#### Work to complete:
Find "1941 Volóc, Volovec, Volovets;" in the material below, then write out that line and every line after it exactly, ending with the last one; skip the pictures.

#### Raw data:

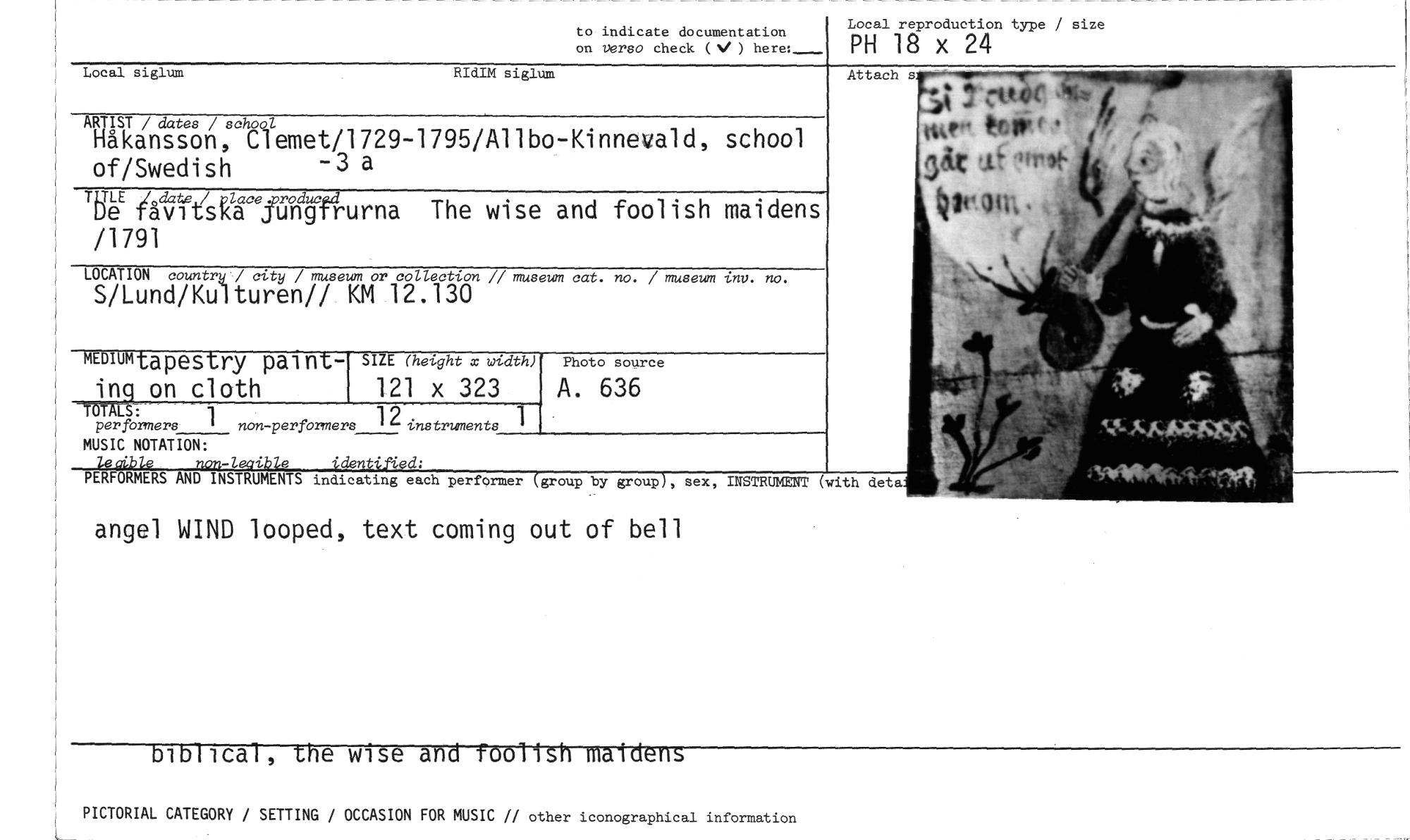 //// angel WIND looped, text coming out of bell //// bibilcaT, the wise and foollsh maidums //// to indicate documentation Local reproduction type / size //// on verso check (NI) here:, PH 18 x 24 //// Local siglum RIdIM siglum //// ARTIST / dates / schoal //// Håkansson, Clemet/1729-1795/Allbo-Kinnevald, school of/Swedish -3 a //// TLTLE 4clate / olace xroduced //// De tavitska jungtrurna The wise and foolish maidens /1791 //// LOCATIONS/Lund/Kult country / uitren// cy / nuseum KM 12 or collectio30n // museum cat. no. / museum luv. no. //// .1 //// MEDIUM tapestry pal nt- //// ing_ on cloth //// TorALs- //// per formers 1 non-perfomners 1 2 instruments //// o. //// MUSIC NOTATION: //// ledb/e non-legible identified: //// Photo source //// A. 636 //// SIZE (height x width) //// 121 x 323 //// PERFORMERS AND INSTRUMENTS indicating each performer (group by group), sex, INSTRUMENT (with deta //// PICTORIAL CATEGORY / SETTING //// / OCCASION FOR //// MUSIC // other iconographical information ////
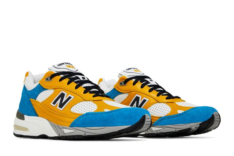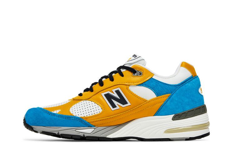 Модель Sneakersnstuff x New Balance 991 Made in England 'Blue Yellow' имеет яркие оттенки, которые вдохновляют на дебютное сотрудничество шведского ритейлера с New Balance, выпущенное в 2005 году и включающее две модели 577, созданные соучредителями SNS Питером и Эриком. Эта пара воссоздает внешний вид модели "Erik", подчеркнутый замшевыми накладками контрастного желтого и бирюзового оттенков. Белая кожаная основа кроссовок дополнена перфорированными деталями в передней части стопы для улучшения воздухопроницаемости. Двухцветная промежуточная подошва ABZORB обеспечивает легкую амортизацию при каждом шаге.
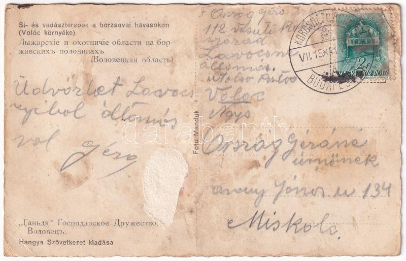 1941 Volóc, Volovec, Volovets; Sí- és vadászterepek a Borzsovai-havaso... https://www.darabanth.com/de/442-Fernauktion/442.0/Ansichtskarten/Karpatenukraine~2000009/1941-Voloc-Volovec-Volovets-Si-es-vadaszterepek-a-Borzsovai-havasokon-sielo-szarvassal-t~II2909200
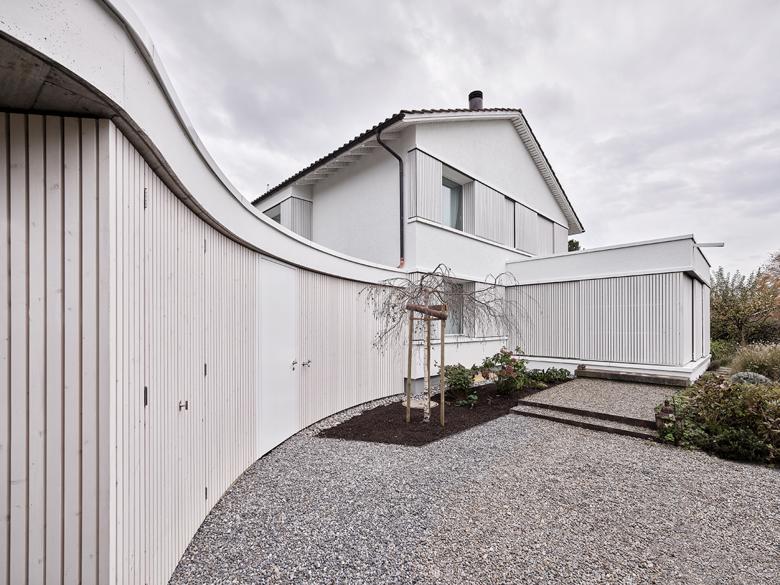 Der Erweiterungsbau lehnt sich an die Architektur-sprache des Bestandes- und Erweiterungsbaus an und zeichnet in seiner organischen Form die Struktur des bestehenden Garten's nach. Trotz sichbarer Geschichte des Hauses sollen sich die zwei Erweiterungsbauten zusammen mit dem ursprünglichen Bau zu einem Ganzen verbinden.

#### The completed task:
 1941 Volóc, Volovec, Volovets; Sí- és vadászterepek a Borzsovai-havaso... https://www.darabanth.com/de/442-Fernauktion/442.0/Ansichtskarten/Karpatenukraine~2000009/1941-Voloc-Volovec-Volovets-Si-es-vadaszterepek-a-Borzsovai-havasokon-sielo-szarvassal-t~II2909200
 Der Erweiterungsbau lehnt sich an die Architektur-sprache des Bestandes- und Erweiterungsbaus an und zeichnet in seiner organischen Form die Struktur des bestehenden Garten's nach. Trotz sichbarer Geschichte des Hauses sollen sich die zwei Erweiterungsbauten zusammen mit dem ursprünglichen Bau zu einem Ganzen verbinden.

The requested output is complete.